§ Directions for this task:
A full, word-for-word copy of the listing below is needed; leave the images out of it.

§ Data for review:
★ ★ ★

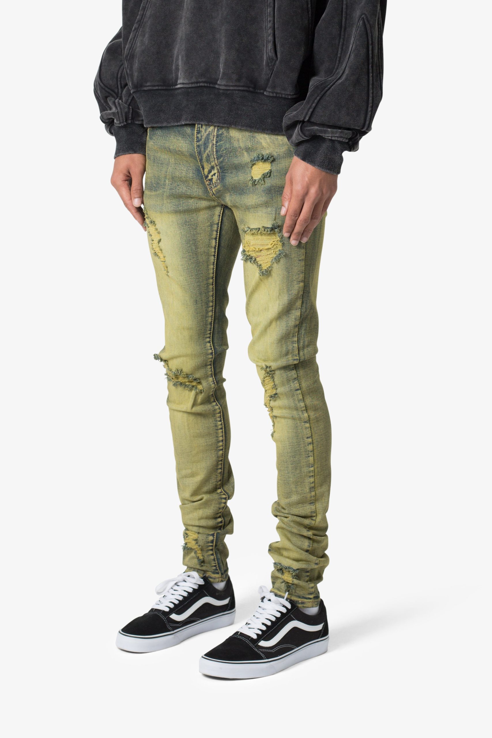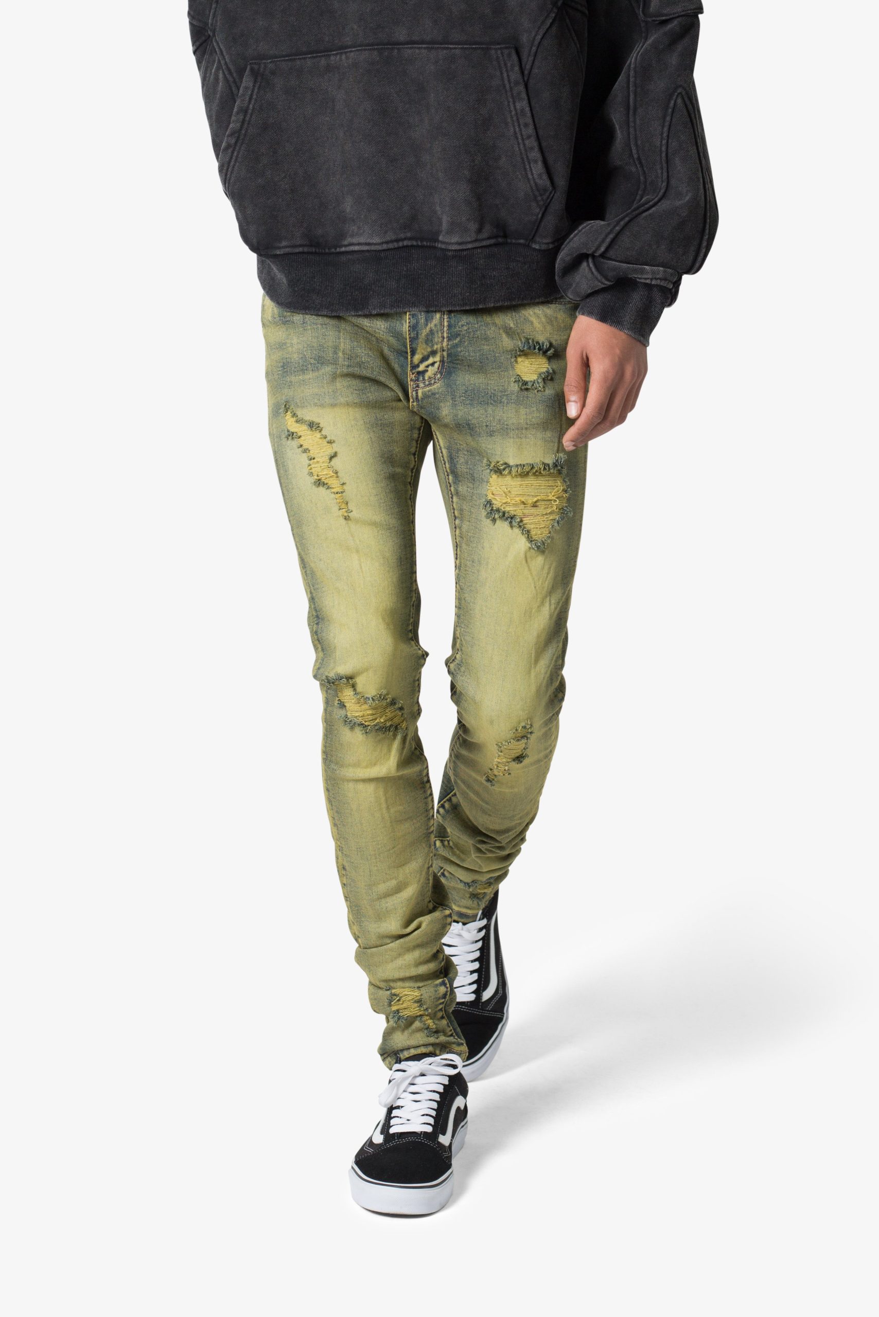 the X609 Algae Skinny Denim is designed with our X fit. which is skinny throughout with an extended inseam for stacking. and features a vintage blue wash with a green tint. and finished with distressing details.
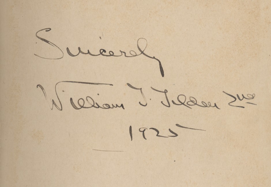 Revised and enlarged edition.  8vo. xix + 229pp. Original green cloth, very good. Owner's name to fly-leaf. Signed very nicely by Tilden to fly-leaf, dated 1925.
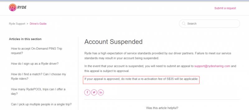 新加坡眼也查询了RYDE官网公布的条款,其中明确提到,账号被冻结后需付35新币来激活账户。
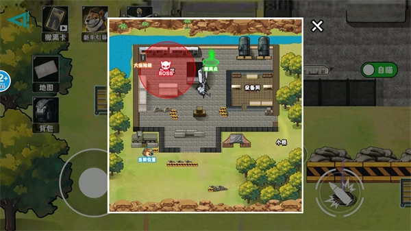 6、点击左侧的地图按钮可以查看当前地图里的撤离点位置,以及boss所在区域。
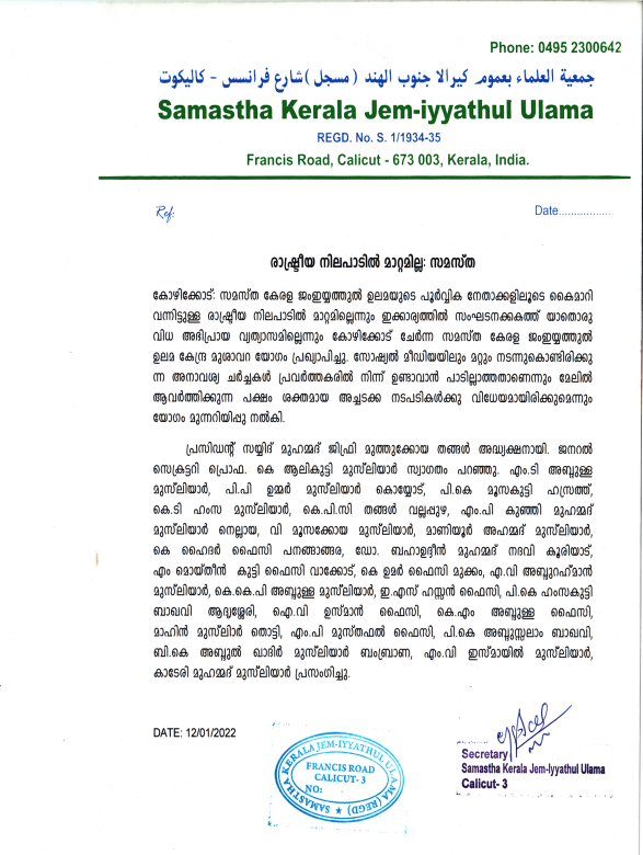പരമ്പരാഗത രാഷ്ട്രീയ നിലപാടിൽ മാറ്റമില്ലെന്ന് സമസ്ത
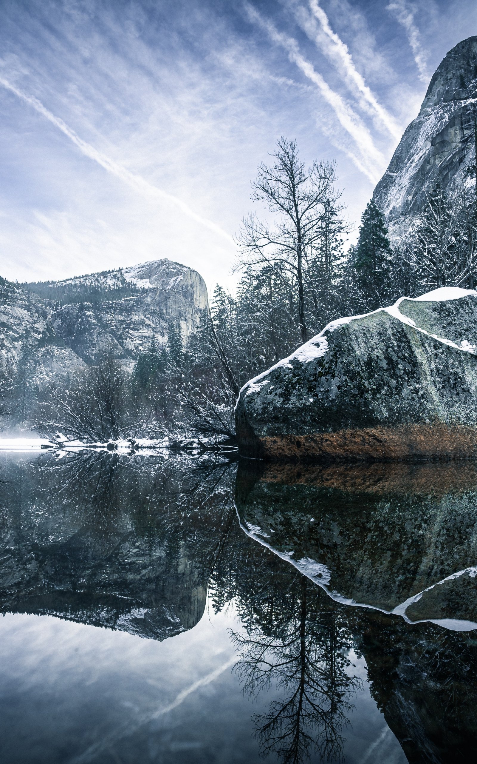 Wallpaper: winter, reflection, gray - 1600x2560
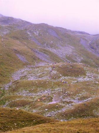 zu regnen. Entgegen kommen Wanderer, gut ausgerüstet, was die
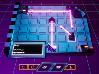 Controls: Click on glowing tiles to select them then click on either the Reflector (90 degrees) or Redirector (45 degrees) to place the objects. With a tile selected and an object placed, click the rotation buttons to rotate the object 45 degrees at a time or click the delete button to remove the object.
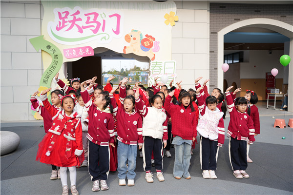 清晨7时30分,学子们入校,依次触摸校门口悬挂的马铃、马头、马蹄、马尾图案展板带来好的寓意。进入班级后,学生们戴上个人姓名的专属贴纸,在细节中感受校园的用心与温情。
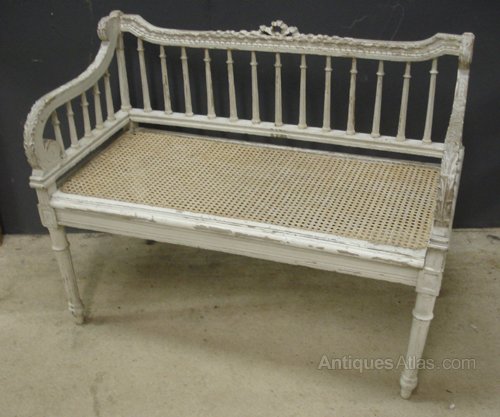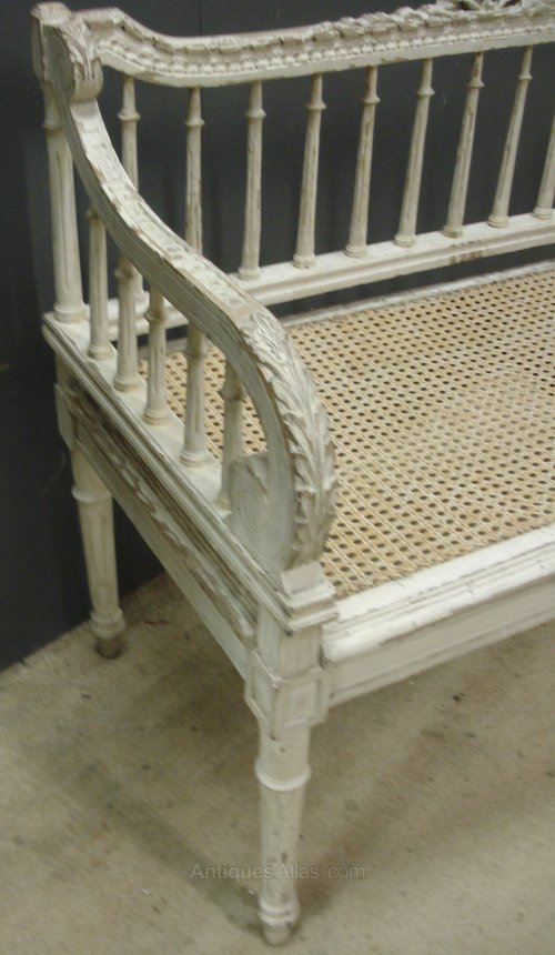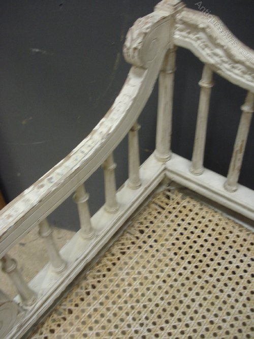 Ref 6103 - Antique French off white painted cane sofa. Needs recaning or upholstering. Tight joints but some legs are slightly turned in. Circa 1900.

★ ★ ★

§ Written reply:
 the X609 Algae Skinny Denim is designed with our X fit. which is skinny throughout with an extended inseam for stacking. and features a vintage blue wash with a green tint. and finished with distressing details.
 Revised and enlarged edition.  8vo. xix + 229pp. Original green cloth, very good. Owner's name to fly-leaf. Signed very nicely by Tilden to fly-leaf, dated 1925.
 新加坡眼也查询了RYDE官网公布的条款,其中明确提到,账号被冻结后需付35新币来激活账户。
 6、点击左侧的地图按钮可以查看当前地图里的撤离点位置,以及boss所在区域。
പരമ്പരാഗത രാഷ്ട്രീയ നിലപാടിൽ മാറ്റമില്ലെന്ന് സമസ്ത
 Wallpaper: winter, reflection, gray - 1600x2560
 zu regnen. Entgegen kommen Wanderer, gut ausgerüstet, was die
 Controls: Click on glowing tiles to select them then click on either the Reflector (90 degrees) or Redirector (45 degrees) to place the objects. With a tile selected and an object placed, click the rotation buttons to rotate the object 45 degrees at a time or click the delete button to remove the object.
 清晨7时30分,学子们入校,依次触摸校门口悬挂的马铃、马头、马蹄、马尾图案展板带来好的寓意。进入班级后,学生们戴上个人姓名的专属贴纸,在细节中感受校园的用心与温情。
 Ref 6103 - Antique French off white painted cane sofa. Needs recaning or upholstering. Tight joints but some legs are slightly turned in. Circa 1900.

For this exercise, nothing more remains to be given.